■ Aim of the task:
Return the listing below verbatim. Pictures do not belong in the copy.

■ Provided material:
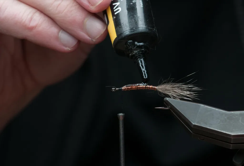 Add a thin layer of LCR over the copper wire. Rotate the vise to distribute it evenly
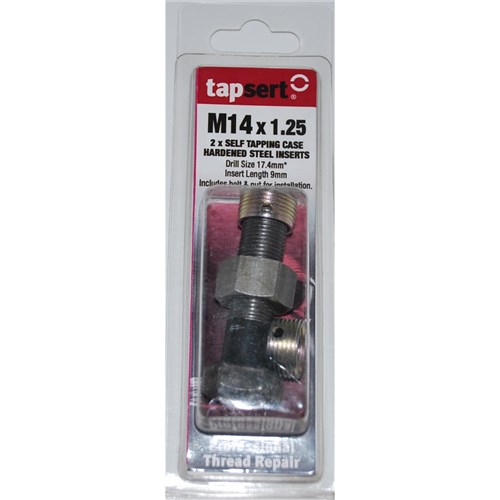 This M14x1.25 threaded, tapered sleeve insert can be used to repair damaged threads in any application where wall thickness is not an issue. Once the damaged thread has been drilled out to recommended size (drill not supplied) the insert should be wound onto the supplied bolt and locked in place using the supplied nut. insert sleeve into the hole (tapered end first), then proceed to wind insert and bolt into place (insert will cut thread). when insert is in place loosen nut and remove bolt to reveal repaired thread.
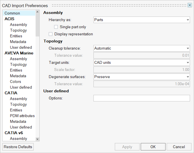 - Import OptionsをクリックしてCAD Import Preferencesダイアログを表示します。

■ Response to the exercise:
 Add a thin layer of LCR over the copper wire. Rotate the vise to distribute it evenly
 This M14x1.25 threaded, tapered sleeve insert can be used to repair damaged threads in any application where wall thickness is not an issue. Once the damaged thread has been drilled out to recommended size (drill not supplied) the insert should be wound onto the supplied bolt and locked in place using the supplied nut. insert sleeve into the hole (tapered end first), then proceed to wind insert and bolt into place (insert will cut thread). when insert is in place loosen nut and remove bolt to reveal repaired thread.
 - Import OptionsをクリックしてCAD Import Preferencesダイアログを表示します。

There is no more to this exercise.